Por Orlando V. Pérez

Corrió hacia el patio, movido por un impulso interior irrefrenable, por cuyo fondo cruzaba tranquilo el arroyo: el de su infancia, antes tan claro y transparente, con sus mantas de pececitos en colores, y ahora tan sucio y hediondo…

no sé cómo algunas especies pueden todavía sobrevivir aquí, frecuentemente se preguntaba. Un rápido recorrido visual lo condujo a percatarse de inmediato, para corroborar que el ruido que le había llegado desde el patio minutos antes no era una simple ilusión acústica. Era algo que le costaba trabajo aceptar: tres niños de espaldas desnudas, inclinados en la mitad del arroyo, chapoteaban en el agua sucia. Arrastraban los pies con tanto sigilo, que lograban mover los cuerpos lenta y silenciosamente hacia la orilla opuesta, mientras los brazos les colgaban en forma de arcos, que culminaban en unos dedos a guisa de redes abiertas. 

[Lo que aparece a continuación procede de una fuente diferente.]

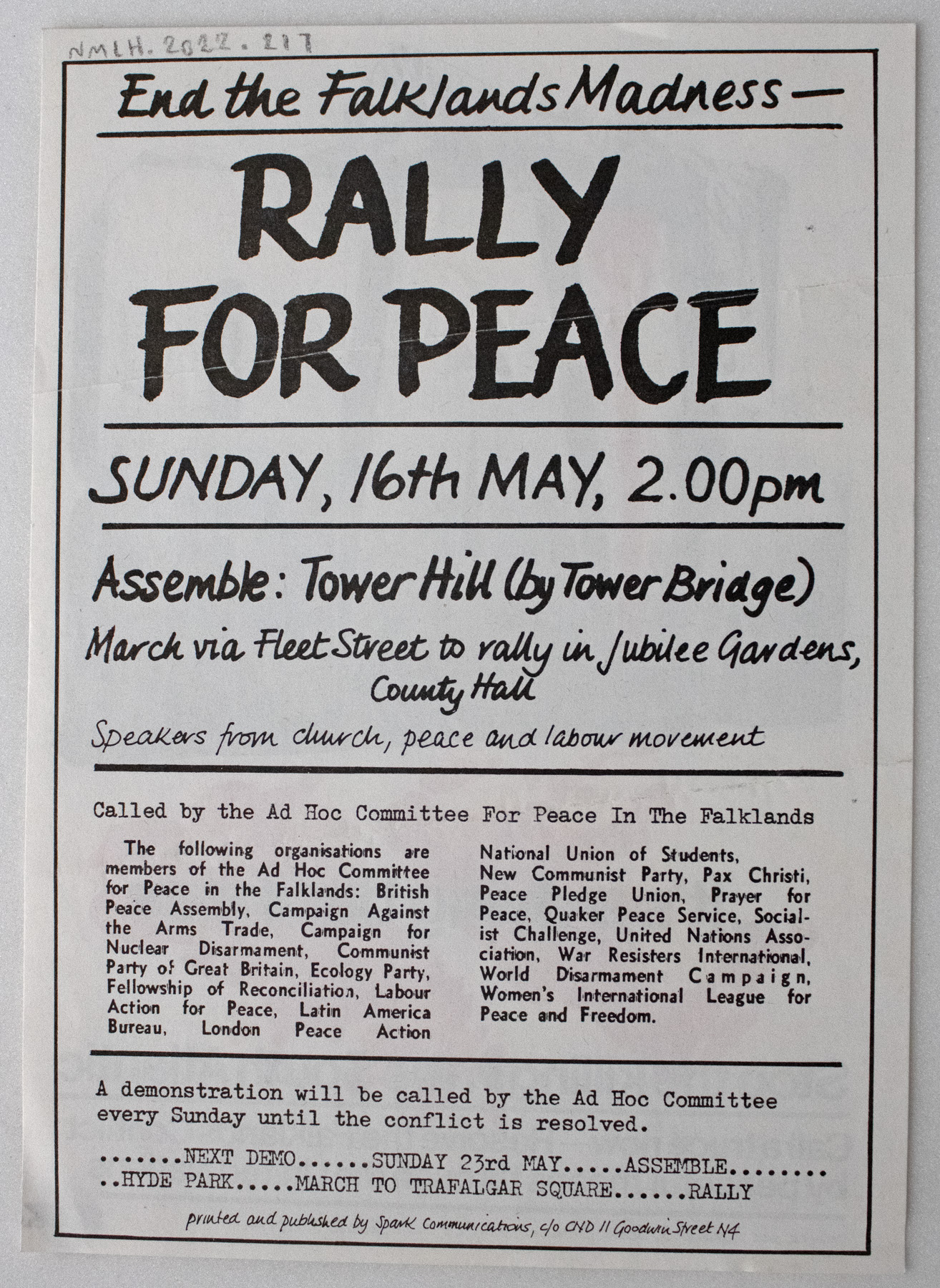 The flyer was printed and published by Spark Communications for the Campaign for Nuclear Disarmament (CND). Text on the back reads: "End the Falklands Madness / RALLY FOR PEACE / Sunday, 16th May, 2.00pm / Assemble: Tower Hill (by tower bridge) March via Fleet Street to rally in Jubilee Gardens, County Hall / Speakers from church, peace and labour movement" This is followed by a list of speakers and organisations that were to be at the event.

–¿Qué hacen ustedes ahí, eh? –la pregunta fue en forma de un grito atávico que retumbó en los árboles circundantes.
Tan entregados estaban a su faena aquellos niños, que al dueño del patio hasta escuchar le pareció un ¡a callar! como respuesta.
–¡Que qué hacen ahí les digo, carajo! –esta vez el grito fue más potente, como escapado de lo más recóndito de la corteza cerebral, donde aseguran los analistas que se agazapa una fiera atávica. Un grito de tal magnitud, que hasta ahuyentó a las aves zancudas, comensales de paso, y se extendió más allá del monte circundante.
–Señor, nosotros… –mientras se volteaba hacia él, atinó a responder nerviosamente el más pequeño de los niños, delgaducho, de cara huesuda.
–Sí, ya sé, están cazando, pescando…
–Cogiendo, cogiendo –respondió esta vez el de mediana estatura, con su cara regordeta.
–¿Cogiendo qué, pomos vacíos, gomas rotas de máquinas y bicicletas, enfermedades… o jicoteas?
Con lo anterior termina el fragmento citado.